- _Source material_:
# # # # #

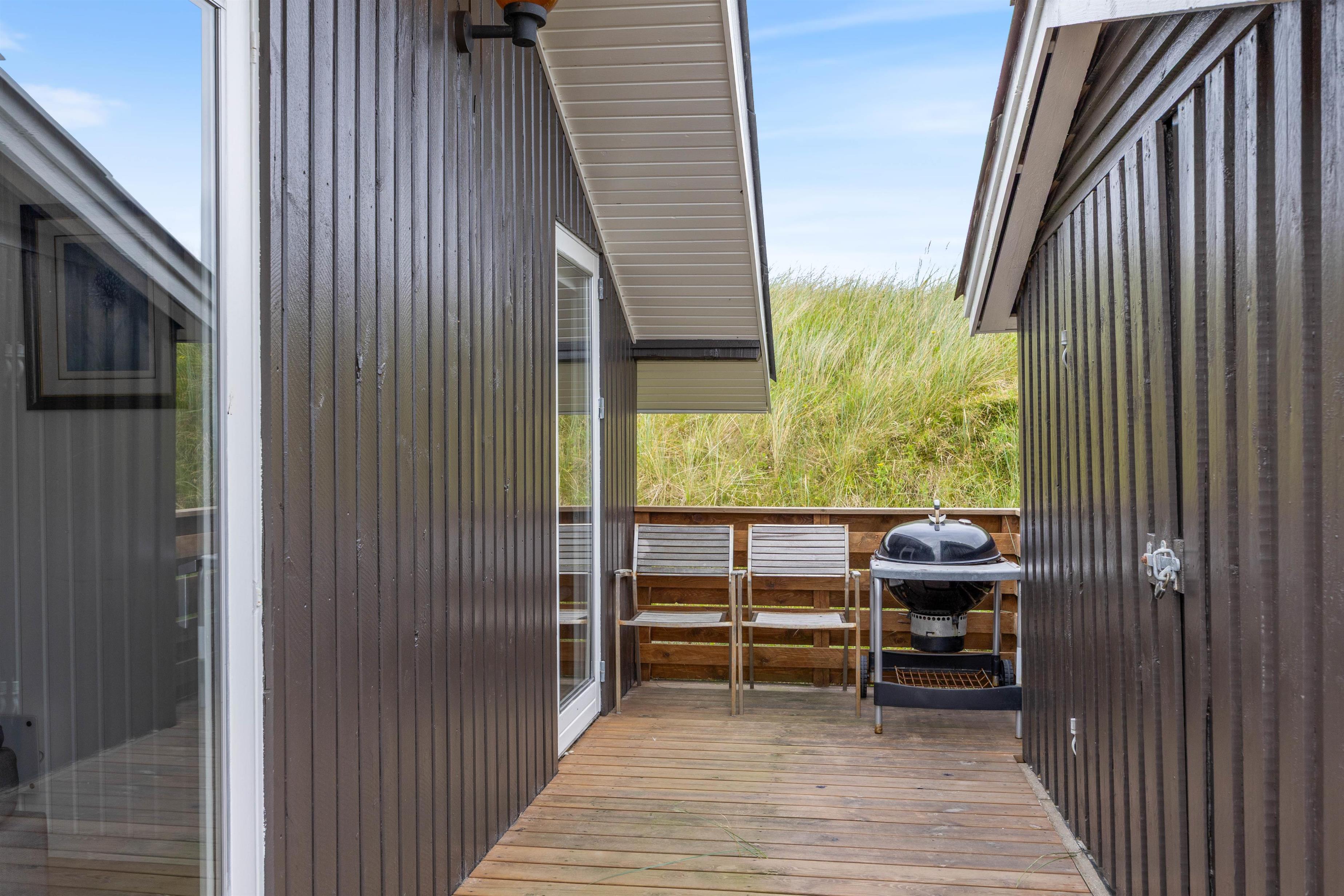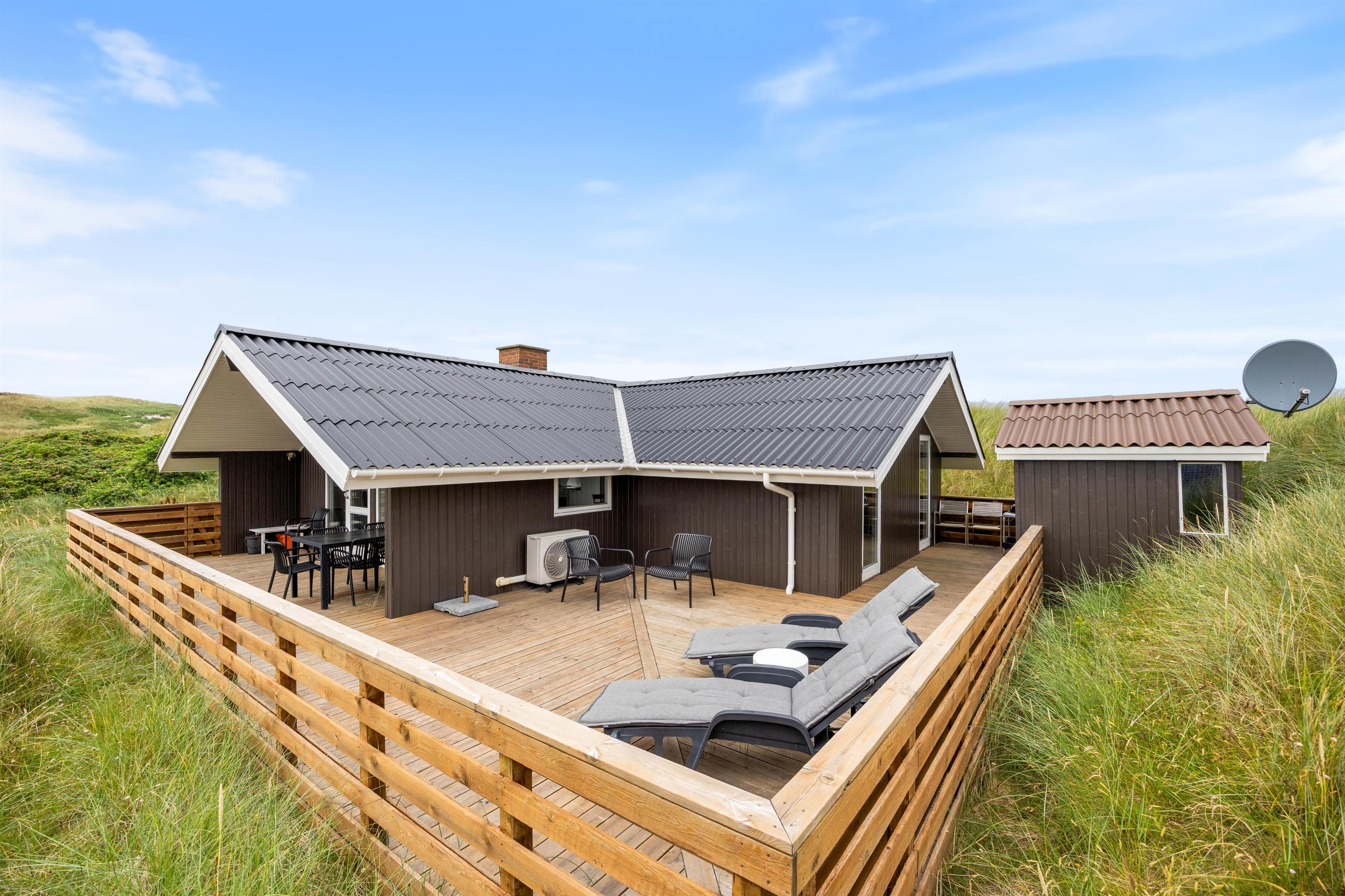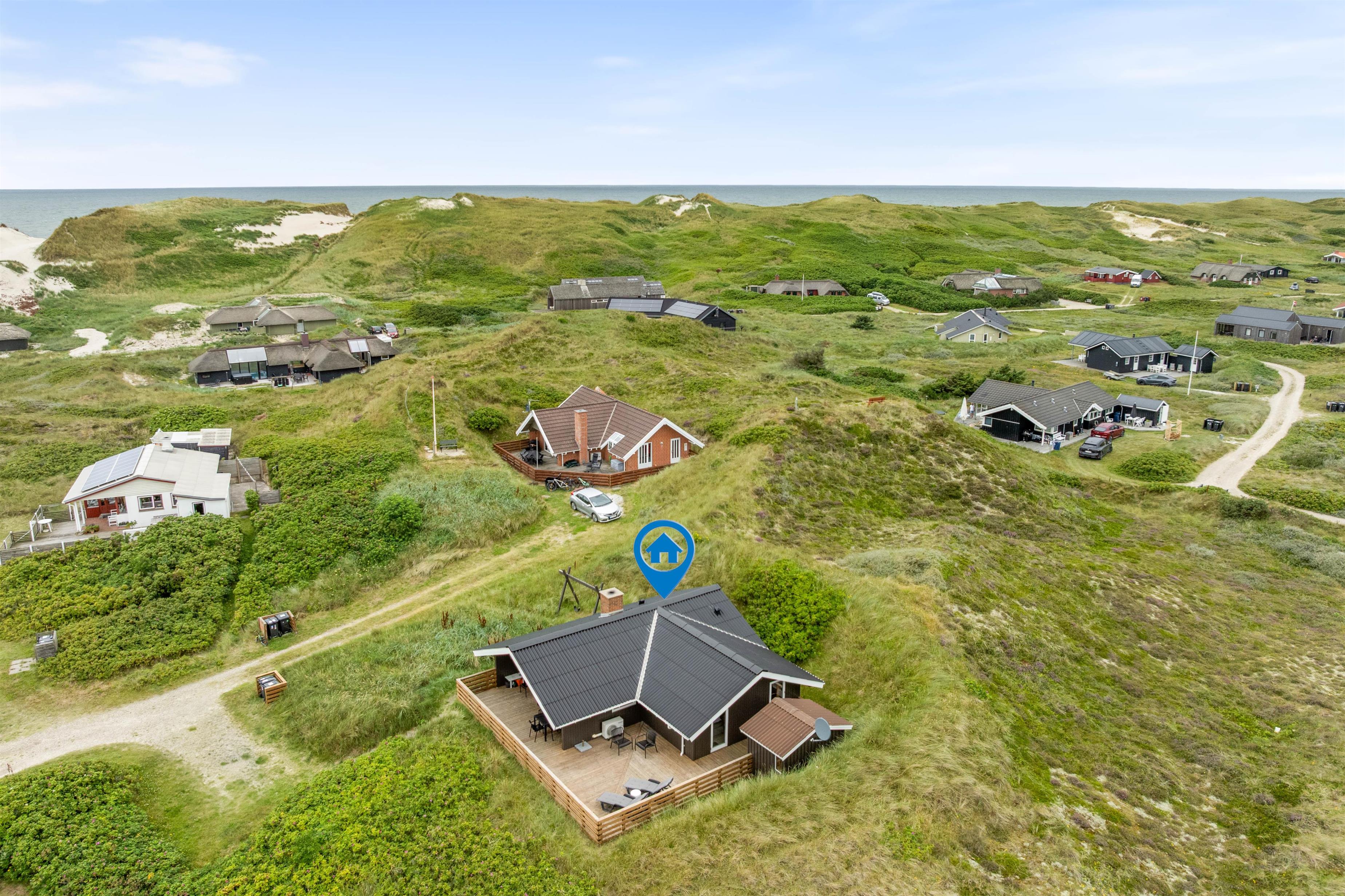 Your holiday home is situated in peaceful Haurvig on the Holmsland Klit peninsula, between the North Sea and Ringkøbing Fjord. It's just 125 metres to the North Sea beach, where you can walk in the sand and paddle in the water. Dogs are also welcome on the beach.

# # # # #

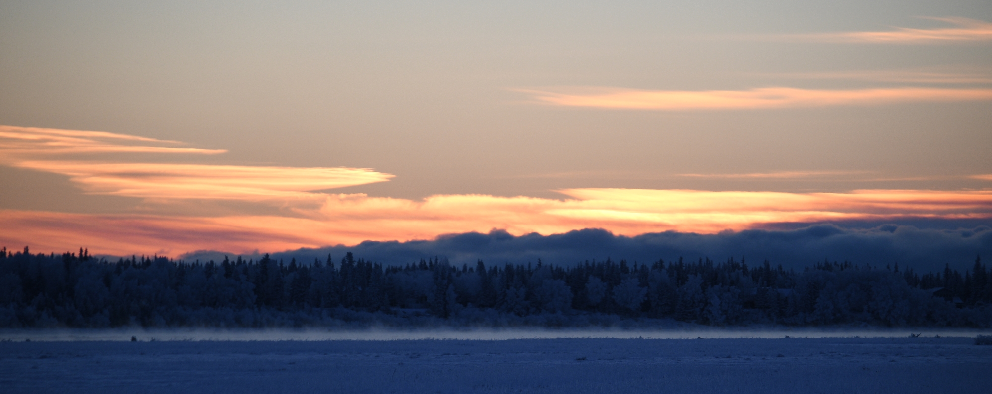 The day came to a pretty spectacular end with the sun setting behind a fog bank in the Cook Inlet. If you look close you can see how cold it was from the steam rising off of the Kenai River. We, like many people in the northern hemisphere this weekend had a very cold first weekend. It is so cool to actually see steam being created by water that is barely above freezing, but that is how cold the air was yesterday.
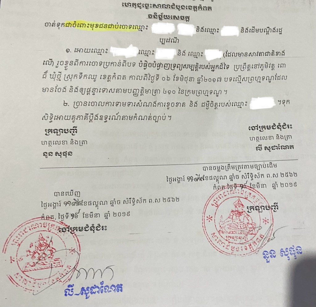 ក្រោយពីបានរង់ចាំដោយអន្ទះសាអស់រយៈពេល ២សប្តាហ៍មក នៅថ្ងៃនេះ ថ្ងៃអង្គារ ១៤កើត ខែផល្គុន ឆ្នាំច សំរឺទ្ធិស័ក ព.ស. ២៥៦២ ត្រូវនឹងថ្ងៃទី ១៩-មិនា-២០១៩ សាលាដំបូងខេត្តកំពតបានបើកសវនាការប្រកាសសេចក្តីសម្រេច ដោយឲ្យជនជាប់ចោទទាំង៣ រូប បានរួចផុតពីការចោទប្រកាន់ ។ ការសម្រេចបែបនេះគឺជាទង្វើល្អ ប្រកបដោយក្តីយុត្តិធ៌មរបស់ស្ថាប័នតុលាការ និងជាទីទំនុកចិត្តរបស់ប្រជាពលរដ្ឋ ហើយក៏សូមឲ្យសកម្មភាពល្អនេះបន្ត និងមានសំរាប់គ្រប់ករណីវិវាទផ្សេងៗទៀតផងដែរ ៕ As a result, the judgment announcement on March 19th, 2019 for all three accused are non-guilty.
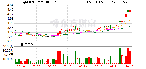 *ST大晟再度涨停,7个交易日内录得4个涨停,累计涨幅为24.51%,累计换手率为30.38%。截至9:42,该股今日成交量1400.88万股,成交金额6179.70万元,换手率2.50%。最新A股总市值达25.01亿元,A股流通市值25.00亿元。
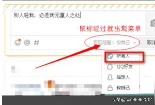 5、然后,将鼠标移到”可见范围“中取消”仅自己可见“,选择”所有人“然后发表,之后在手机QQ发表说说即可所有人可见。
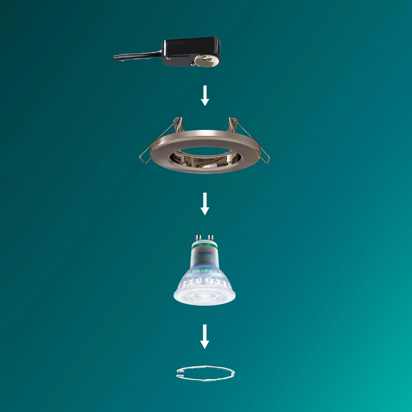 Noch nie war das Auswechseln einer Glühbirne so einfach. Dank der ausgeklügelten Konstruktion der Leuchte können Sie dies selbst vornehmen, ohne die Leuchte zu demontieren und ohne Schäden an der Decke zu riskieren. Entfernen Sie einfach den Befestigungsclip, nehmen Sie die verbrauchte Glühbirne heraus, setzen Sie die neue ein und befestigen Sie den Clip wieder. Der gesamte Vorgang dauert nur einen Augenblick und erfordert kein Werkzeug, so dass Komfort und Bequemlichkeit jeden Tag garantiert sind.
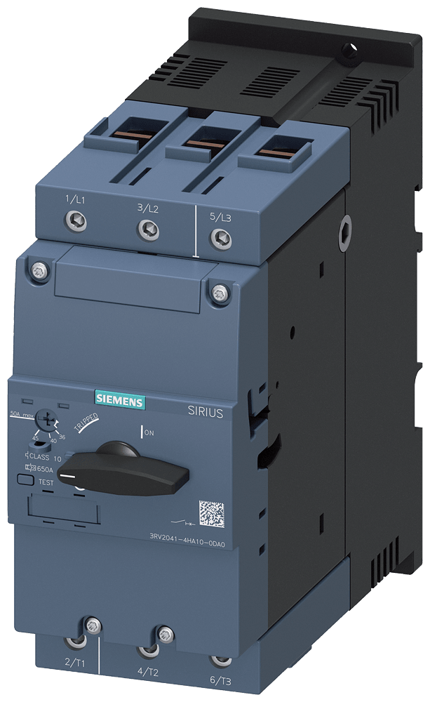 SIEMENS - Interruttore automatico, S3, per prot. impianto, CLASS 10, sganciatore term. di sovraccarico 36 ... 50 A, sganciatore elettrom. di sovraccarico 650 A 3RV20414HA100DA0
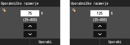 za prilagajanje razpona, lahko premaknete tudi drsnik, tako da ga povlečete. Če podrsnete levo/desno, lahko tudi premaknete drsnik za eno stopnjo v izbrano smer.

# # # # #

- _Exercise_:
Look above for the line with "Noch nie war" and the line with "za prilagajanje razpona, lahko". Give again exactly those two lines and all lines between them, pictures excluded.

- _Solution_:
 Noch nie war das Auswechseln einer Glühbirne so einfach. Dank der ausgeklügelten Konstruktion der Leuchte können Sie dies selbst vornehmen, ohne die Leuchte zu demontieren und ohne Schäden an der Decke zu riskieren. Entfernen Sie einfach den Befestigungsclip, nehmen Sie die verbrauchte Glühbirne heraus, setzen Sie die neue ein und befestigen Sie den Clip wieder. Der gesamte Vorgang dauert nur einen Augenblick und erfordert kein Werkzeug, so dass Komfort und Bequemlichkeit jeden Tag garantiert sind.
 SIEMENS - Interruttore automatico, S3, per prot. impianto, CLASS 10, sganciatore term. di sovraccarico 36 ... 50 A, sganciatore elettrom. di sovraccarico 650 A 3RV20414HA100DA0
 za prilagajanje razpona, lahko premaknete tudi drsnik, tako da ga povlečete. Če podrsnete levo/desno, lahko tudi premaknete drsnik za eno stopnjo v izbrano smer.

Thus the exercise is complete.